Thanks @Wacken0013 for the detailed issue, and sorry not to get back at you earlier.

I did not have the time to try your example yet to figure out what may be going wrong.

At first glance it looks like your worker fails to send the data it is owning before shutting down, which prevents the process to stop. And I confirm this is not the expected behavior.

First of all, I see the versions of Dask you're using (and Python version) are getting quite old, is it possible for you to install a more up to date version and see if you reproduce the problem?

Also not related, but I see you seem to be using a shared file system for your workers local directory (/scratch/b/x/dask-worker-space/worker-r7sc67zm), which is not recommended. Could you use something like /tmp or '$TMPDIR' if available?

guillaumeeb avatar Oct 09 '21 15:10 guillaumeeb

Thanks for the reply @guillaumeeb. I probably wont be able to upgrade the versions significantly, due to the old OS. Can you explain why using scratch is an issue? I can definitely change that, maybe it is also the source of my other dask problems :D

arndt-k avatar Oct 10 '21 09:10 arndt-k

As @guillaumeeb mentioned that's a reasonably old Dask version and we no longer support Python 3.6.

However I am wondering if this is a race issue between creating new workers, transferring state and the walltime.

I see your walltime is two minutes and lifetime is 50 seconds. That leaves 70 seconds to schedule a new worker job, have it fulfilled, connect to the scheduler and migrate the state.

Are you seeing new jobs being created to replace the old ones? And are you seeing them connect to the scheduler in the scheduler log?

jacobtomlinson avatar Oct 12 '21 15:10 jacobtomlinson

Can you explain why using scratch is an issue?

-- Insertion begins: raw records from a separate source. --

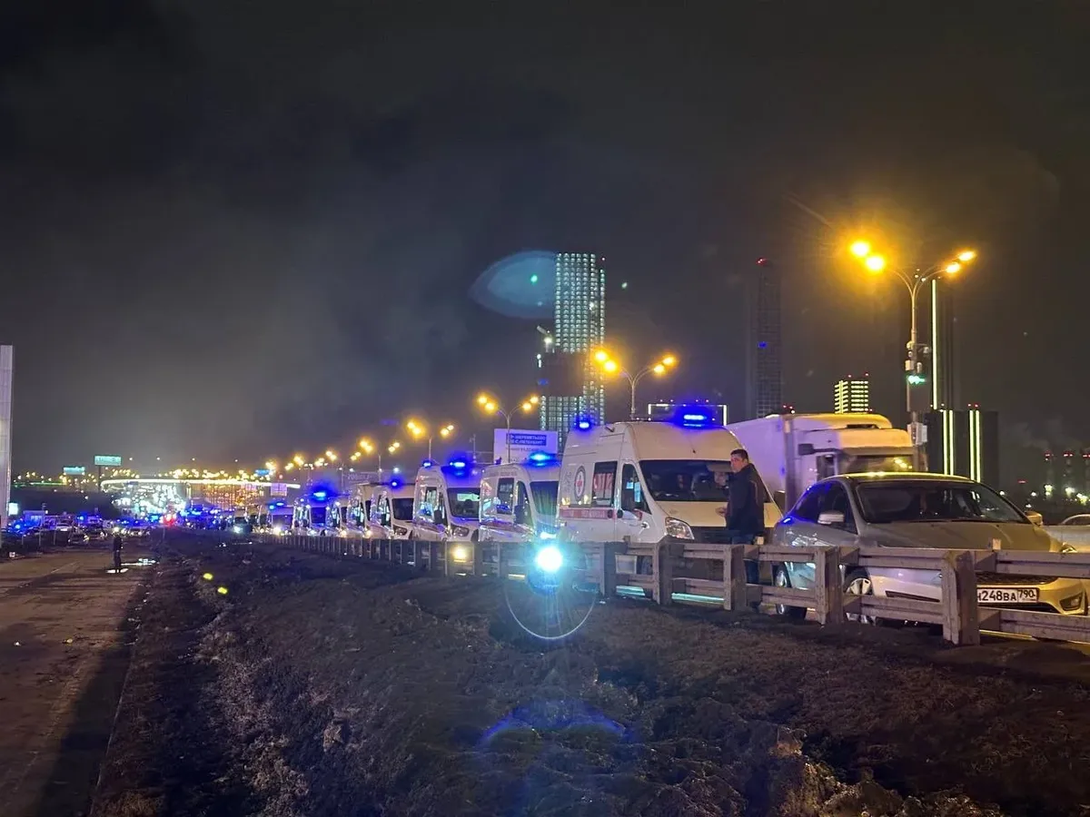 Десятки «скорых» с включёнными мигалками от «Крокуса» стоят вдоль дороги. Всех просят уйти дальше.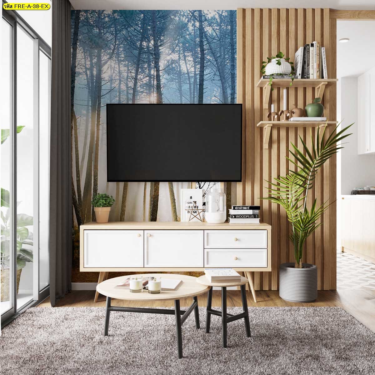 วอลเปเปอร์ป่าไม้ขนาดใหญ่ เพิ่มความรู้สึกใกล้ชิดธรรมชาติให้ห้องนั่งเล่นดูสบายและผ่อนคลาย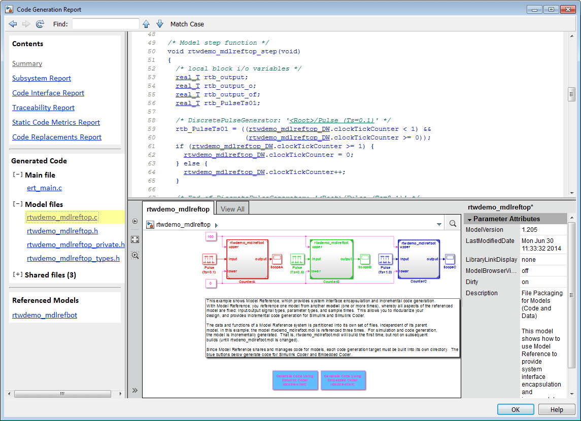 Для просмотра и анализа созданного кода рекомендуется переходить между кодом и моделью. В отчет о создании кода HTML можно включить веб-представление модели. Затем модель и созданный код можно совместно использовать вне среды MATLAB. При создании отчета веб-представление включает атрибуты блок-схемы, отображаемые в редакторе Simulink Editor, например, порядок выполнения сортировки блоков, свойства сигнала и типы данных порта.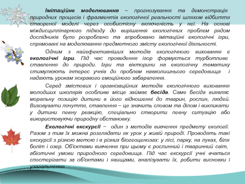 Слайд 13 Імітаційне моделювання – прогнозування та демонстрація природних процесів і фрагментів екологічної

In my experience (but I've to admit I'm not really sure of the use of each worker local directory, and this may have evolved across time), specifying a shared directory as the base directory of workers local directory can lead to bad behavior of workers. Workers compete for writing in this shared directory and sometimes fail.

I probably wont be able to upgrade the versions significantly, due to the old OS.

Yep, I did notice the old OS versions, but I didn't think it would prevent using something like Conda to upgrade to more up to date versions.

I see your walltime is two minutes and lifetime is 50 seconds. That leaves 70 seconds to schedule a new worker job, have it fulfilled, connect to the scheduler and migrate the state.

But @jacobtomlinson do we agree that this is not normal the worker stays kind of alive for these 70 seconds? Ideally, it should migrate the state to other workers currently in the cluster? I really have to try the example...

guillaumeeb avatar Oct 13 '21 18:10 guillaumeeb

The worker local directory should be placed on the fastest temporary storage possible. Shared storage is really not a good place for this.

Without digging deeper into the example I think it should be migrating to other workers, but perhaps due to memory, network or storage limitations this is taking longer than 70 seconds?

jacobtomlinson avatar Oct 14 '21 12:10 jacobtomlinson

Yep, I did notice the old OS versions, but I didn't think it would prevent using something like Conda to upgrade to more up to date versions.

No, its a big issue on the machine. I got an environment based on python 3.7 working now but I have not had the time to test this specific issue again.

Are you seeing new jobs being created to replace the old ones? And are you seeing them connect to the scheduler in the scheduler log?

I have not checked the logs, but I didnt see new jobs being created in slurm if I recall correctly. 70s should be enough by alot. I did try with hours too, didnt change anything. And really the question is why the migration should take prohibitively longer because of persist. I'll run the MVE again on the new env soon and update here

arndt-k avatar Oct 14 '21 15:10 arndt-k

And really the question is why the migration should take prohibitively longer because of persist.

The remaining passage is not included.